Jordan king charts his own course

Abdullah's brief stop in Israel yesterday was lower profile than his father's approach.

Jordan's King Abdullah II visited Israel for a few hours yesterday, the first time since ascending the throne 14 months ago.

The brevity of the call at the port of Eilat underscored the complex waters the young monarch has been navigating since he inherited the crown from his father, the late King Hussein, in February 1999.

Steering the royal yacht into the Israeli port - much like his pilot father would have - King Abdullah was greeted by Prime Minister Ehud Barak, and they held brief talks.

But King Hussein played a much more visible role than his son has in the Middle East peace processes - supporting the historic Israeli-Palestinian peace pact, and signing the second peace treaty, after Egypt, with Israel in 1994.

King Abdullah, observers say, is not trying to fill his father's shoes so much as break in a new pair of his own. While the politics of peace is a natural priority, the new king is putting more energy into economic reforms - something Jordanians say his father never engaged in directly.

"He has an economic agenda rather than a political one, and he thinks of himself as King of Jordan, not king of all the Arabs. He's not looking for some external role which is beyond Jordan's ability," says Fahed Fanek, a Jordanian political analyst, in a telephone interview from Amman.

But in a region where the presence of an Arab leader in Israel still makes a controversial political statement, Abdullah insisted on an extraordinarily low-key visit that seemed a balancing act between Mr. Barak's call for closer ties, and Arab pressure to halt the process of normalization with the Jewish state until it reaches comprehensive peace deals with all its neighbors.

Back home, Jordan's 1994 peace deal with Israel does not enjoy widespread popularity. In a kingdom where most of the subjects - and Queen Rania herself - are Palestinian, Abdullah must keep still-unresolved disputes such as the future disposition of Jerusalem and several million Palestinian refugees at the top of his list of priorities.

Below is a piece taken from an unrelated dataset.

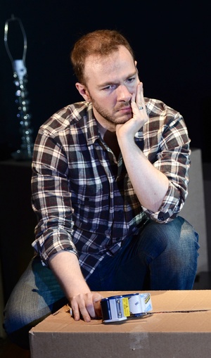 These lines from Shakespeare's Macbeth could well have been written about Kyle, the anguished central character in Toni Press-Coffman's Touch, a tender and humane play about love, loss, mourning, and a search for meaning, opening tonight in a well-acted and, yes, touching production at 59E59 Theaters. Through most of the play, first produced in 2000, Kyle (Pete McElligott) is encased in a self-protective psychological wall he has erected in order to protect himself from the crushing pain brought on by the sudden and violent death of his wife of six years, Zoe, who "went out one night and didn't come back." And while Kyle does not allow himself to feel the full brunt of the upheaval, he is willing to talk to us though the safe barrier of the "fourth wall" as he completes the task of boxing up the remains of his and Zoe's life together. It is a tribute to Kyle that, even though we never meet Zoe, he is able to conjure her up so vividly, she seems to be onstage the whole time. In a richly-detailed opening monologue, we learn how the two of them met as students in high school. Kyle was smitten at the first sight of Zoe as she waltzed into his physics class, looked around, and announced, "I am so in the wrong room!" Theirs was the classic match between the brainy, nearly-friendless nerd and the free-spirited popular girl he would marry just a couple of years later. Gradually, as Kyle fills in the details, we learn that he and Zoe did have their ups and downs in the time they were together, and we do see that while he deeply loved her, he did not worship at her feet. There is some anger and jealousy mixed in with the sorrow, and Kyle's behavior towards the play's other characters is rocky as he continues to serve the savage god of grief. He brushes off his closest friend Bennie (Amadeo Fusca) and his sister-in-law Serena (Emily Batsford), and he finds his only surcease in anonymous sex with a prostitute (warmly portrayed by Katrina Lenk). Touch, directed by Nathaniel Shaw, is at its best when it is fully focused on Kyle as a struggling and realistically complicated, not always pleasant individual. Too much is made, for instance, of his professional life as an astronomer and of the awe he feels for the great and vast unknown universe, where "science and the spirit meet." Such musings allow for the playwright to display flights of poetry, but Kyle really isn't a poet, despite his avowed fondness for Keats. He is a confused and battered human being, trying his best to get by with a little help from his loyal friends, even if none of them seems half so real (to him or to us) as Zoe. The power of the play lies in its depiction of Kyle's efforts to gain a secure foothold for himself while safely maintaining a fully intact memory of Zoe; both are in jeopardy throughout. Under Nathaniel Shaw's direction, Pete McElligott does a splendid job of bringing the devastated Kyle fully to life and gives us good cause to join him through the long, sometimes meandering journey out of darkness.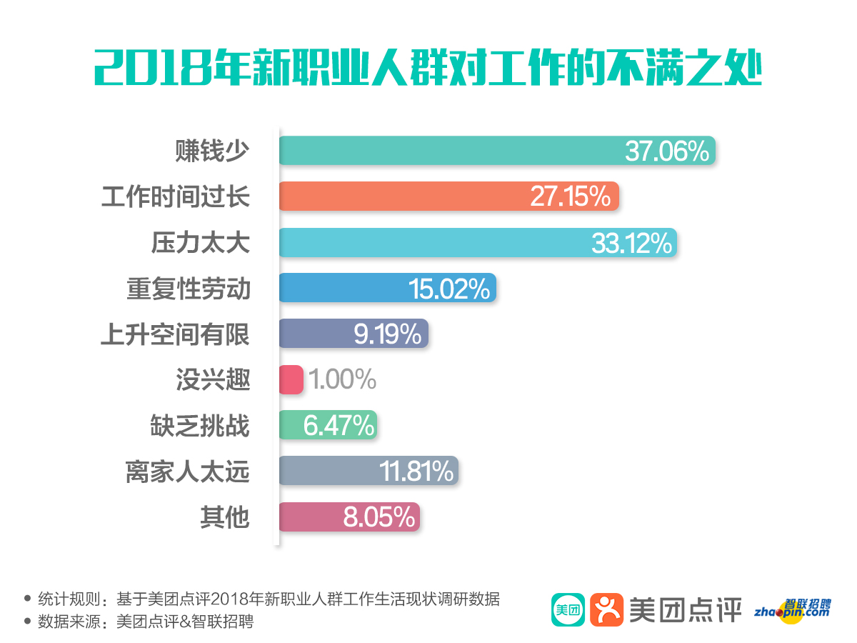 盡管新職業(yè)人群因?yàn)椤跋矚g這個(gè)行業(yè)和職業(yè)”而加入,但對(duì)更高薪資待遇的追求,與白領(lǐng)是一致的。談及對(duì)工作的不滿(mǎn)之處,盡管他們對(duì)工作有一些抱怨,在此項(xiàng)調(diào)研上有多重表達(dá),但最大的不滿(mǎn)還是直指薪酬水平。報(bào)告發(fā)現(xiàn),被新職業(yè)人群認(rèn)為對(duì)工作不滿(mǎn)的前三大原因是:賺錢(qián)少、壓力太大、工作時(shí)間太長(zhǎng)。

But sharing perhaps equally important ranking are the high expectations - fed to the public by his father as a way to sell peace - that relations with Israel would unlock the door to prosperity.

Instead, Jordan's economy has declined in the past five years. Abdullah inherited a country in which the economic growth rate is lower that the rate of population increase, driving living standards lower every year. And Israel, Jordanians complain, has done little to aid economic cooperation, instead upholding protectionist trade policies.

"The potential for cooperation is great, and we have to explore all possible ways to overcome any and all obstacles that prevent such fruitful cooperation," Abdullah said at a joint press conference with Barak. "I am confidant that you, Mr. Prime Minister, share my eagerness to achieve progress on this front."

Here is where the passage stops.